I didn’t try to smell the Christmas tree this year because I forgot that Christmas trees are supposed to smell.
I prefer fresh fruits and veggies to the alternative because they taste better than anything else. Doesn’t mean I’m any better about eating them, but they taste better.
I do sometimes wonder about my head after that wicked concussion, and if I think about it too much, I get really worried, so I try not to. I’d rather not scare myself into a doctor’s appointment only to be told I’m fine.

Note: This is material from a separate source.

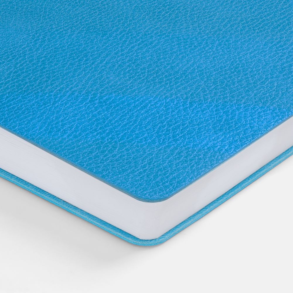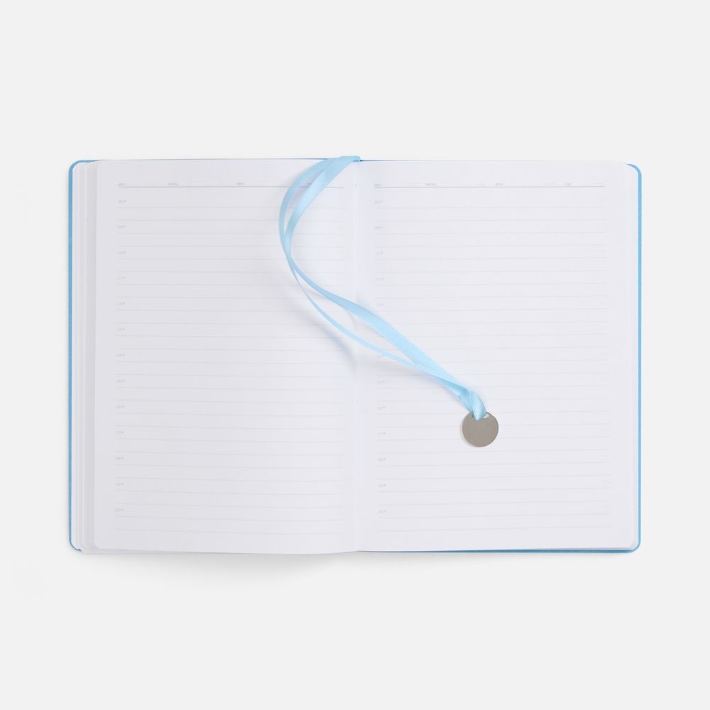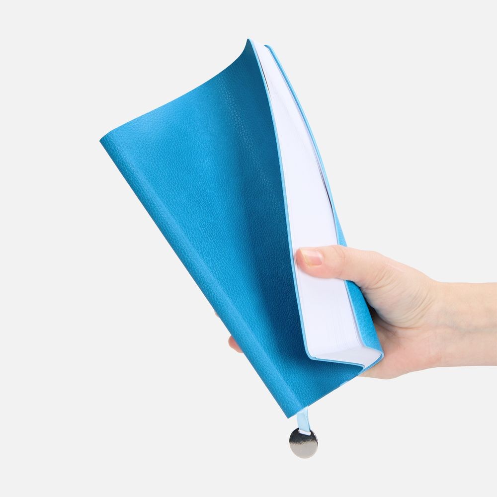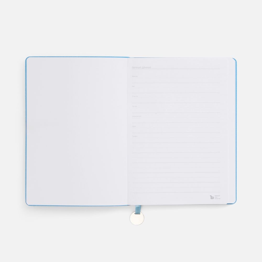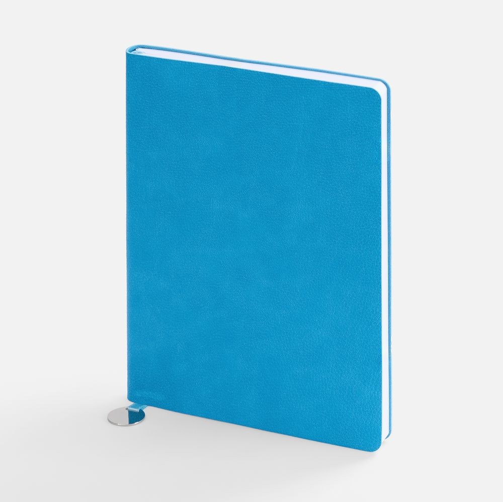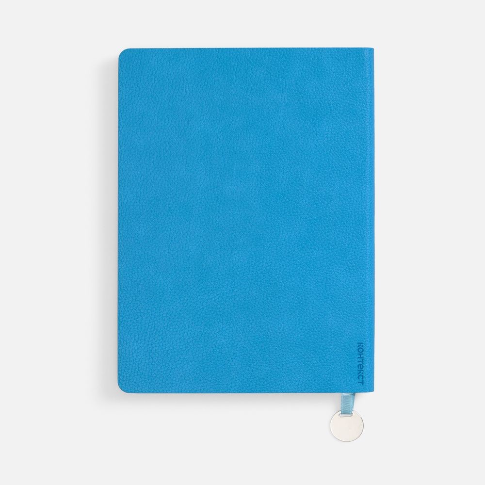Ежедневник с гибкой обложкой, выполнен из материал La Fite, голубой JJ, дополнен ляссе в цвет обложки с металлическим шильдом.

Still have some fun emotional shifts, but not the surges like I used to, and I can control these pretty well.
Still have some weird things that go on with my sinuses that I don’t understand.
Still prefer dark chocolate to any of the others. Still love whatever I can taste. Still crave meat because it tastes so stinking good. Still don’t love ice cream like I once did.
I have hot chocolate though. Doesn’t taste like it once did, but we’re an old married couple and we choose to love each other as we are now.
I’ve learned a lot from this experience. I can do hard things by myself. I can face scary things by myself. I can do a lot of things by myself. Because you know what? I’m not by myself. The Lord has been by my side through all of this, and when I randomly burst into tears at an outlet mall because I want to go in Yankee Candle but there’s no point, I can cry unto Him and He doesn’t think it’s stupid or silly or that I’m being ridiculous. He gets it because He gets me. He knew how hard this would be for me, and He’s not disappointed when I have hard days.
This trial is a gift because it didn’t take anything from me that I could not bear to lose. It gave me the opportunity to learn and to grow, and because of what I’ve endured with His help, I am no longer afraid of being alone.

And I’m starting to think that it’s worth it.